Lebensfreude im Frieden: das ist ein Menschenrecht für alle. Keine Politik und keine Ideologie darf den Menschen die Lebensfreude im Frieden nehmen. Für die menschenfreundliche Verwirklichung unseres Lebens brauchen wir keinen Hass, keine Feindschaft, für die menschenfreundliche Verwirklichung unseres Lebens brauchen alle Völker und alle Menschen Frieden. Und warum gibt es in unserer Geschichte so viel Feindschaft und Hass bis in unsere Zeit?

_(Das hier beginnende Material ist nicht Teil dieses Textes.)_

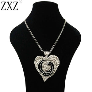 Large Antique Silver Abstract Metal Heart Pendant Long Curb Chain Lagenlook Necklace 34

Die Völker verursachen von sich aus keine organisierte Feindschaft, keinen organisierten Hass. Die Massenvernichtung von Menschen, die Verarmung und schlimmsten Leiden der Völker wurden verursacht durch organisierte Feindschaft, durch organisierten Hass. Wir Menschen brauchen keine Feindschaft und keinen Hass, weil es mit unserer Intelligenz und mit unserem Können bei uns die Fähigkeit gibt, alle unsere Probleme friedlich zu bewältigen. Aber wie geht das? Wenn man alle Mittel und alle Anstrengungen, die man in Kriegen und Bürgerkriegen verschwendet, für die Bildung zur Lebensfreude im Frieden verwirklicht, dann wird viel Verarmung, auch geistige Verarmung, viel Elend bei den Menschen bewältigt.

Lebensfreude im Frieden das ist keine pazifistische Romantik, das ist die Hoffnung und die Erwartung eines möglichen humanen Alltags im Frieden für alle Menschen, für alle Völker. Dafür zu sorgen, ist Aufgabe aller Politik, aller Bildung, aller Religionen, und dafür könnte und sollte es dieses gemeinsame Bekenntnis und dieses gemeinsame Programm geben: Lebensfreude im Frieden für alle. Schon seit zweitausend Jahren gibt es bei den Völkern und in den Häusern der Menschen das Kreuz, dieses Zeichen der Hoffnung des Friedens für alle, dieses Zeichen des Friedens vom Himmel.

Kann es nach menschlichem Ermessen noch zweitausend Jahre so weitergehen mit der alten Feindschaft, mit dem alten Hass, mit der vielen Verarmung, auch geistigen Verarmung? Kann es so weitergehen mit der jetzt möglichen Vernichtungsmacht, mit der jetzt mobilisierten alten Feindschaft? Wir brauchen keine totale Vernichtungsmacht gegeneinander, wir brauchen nicht die alte Feindschaft und den alten Hass, wir brauchen Frieden für alle und überall, weil es auf der reichen und schönen Erde mit unserer Intelligenz und mit unserem Können und mit der Hilfe des Himmels Lebensfreude im Frieden für alle geben kann.